How One Woman Went from Avid Smoker to Dedicated Cancer Screening Patient

Nov Lung StoryMitzi Barney is certainly no stranger to the state of Montana. She grew up in Glendive, where she spent over 30 years of her life, but has since moved to Billings, where she spends 6 months of the year. When the weather turns cold and harsh, she turns her sail towards Florida and its warmer weather, but not before ensuring that she has received all of her cancer screenings.

She sadly watched her father, brother and sister all pass away from the terrible disease that cancer is. Additionally, another of her sisters was diagnosed with cancer, but is now cancer free. Mitzi herself was an avid smoker during her younger days, but after losing her close family, she decided it was time to make a change.

“I smoked for nearly 30 years,” Barney said. “I started in college because you could smoke cigarettes at your desk.”

Working as a Judicial Aid for the District Court for 28 years around Glendive, she always made it a priority towards the end of her career to travel to Billings for lung screenings each year. Now, she has been doing it for the past several years and does not plan on stopping.

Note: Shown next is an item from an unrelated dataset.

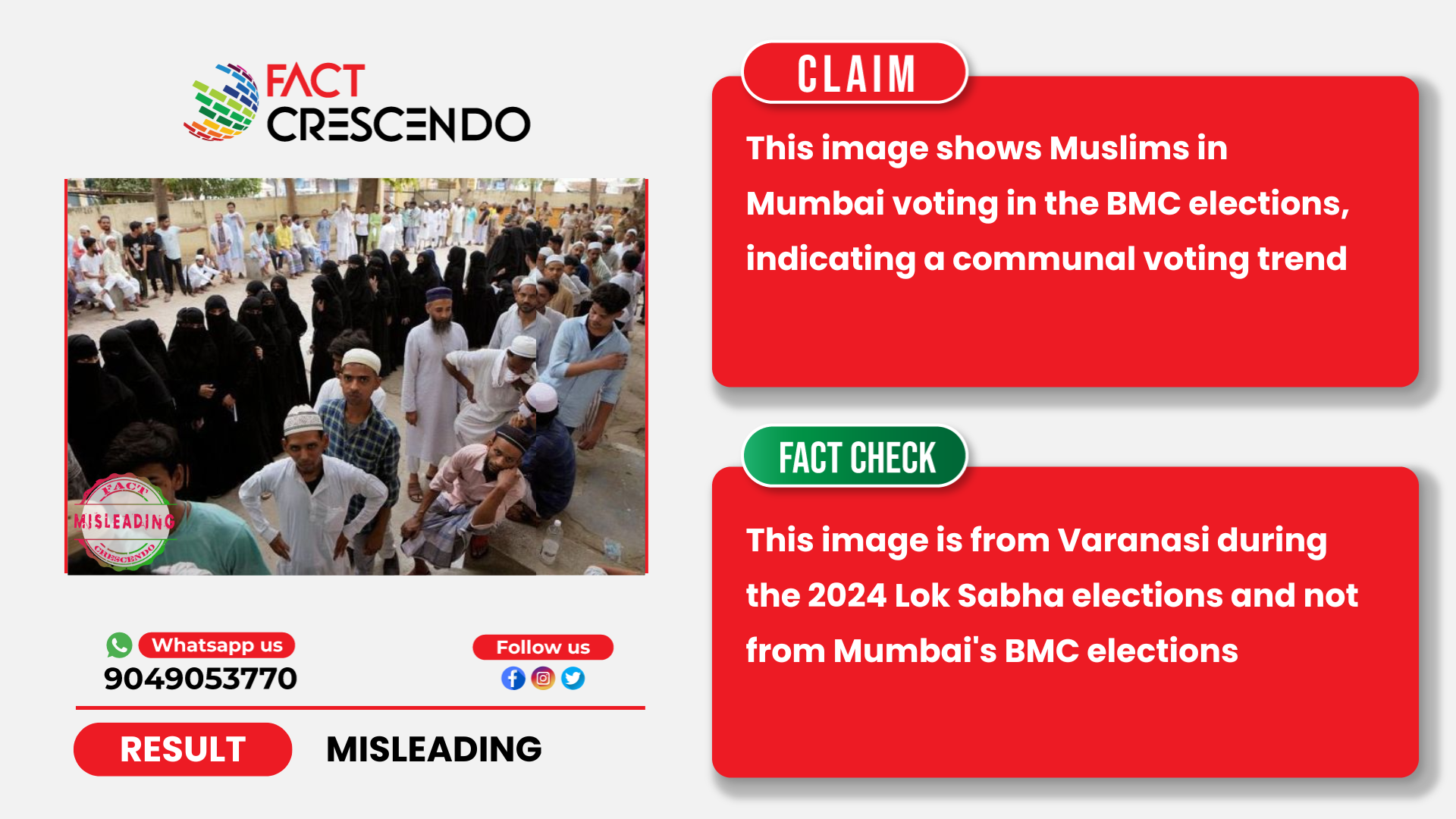 Fact Crescendo found the claim made along with the viral image to be Misleading. This image is from Varanasi during the 2024 Lok Sabha elections and not from Mumbai’s BMC elections.

“It’s so easy! You just have to make an appointment and show up,” she said. “I make sure I get checked every year for every type of cancer.”

Barney highly recommends getting screened early and believes that St. Vincent Healthcare is the place to do it. She noted that from the time it takes her to check in until she checks out, most times it only takes 10 minutes. In particular, one of the most important reasons she keeps coming back to St. Vincent for treatment is because she enjoys the staff, as they make jokes and make the screening process easy, enjoyable and relaxing.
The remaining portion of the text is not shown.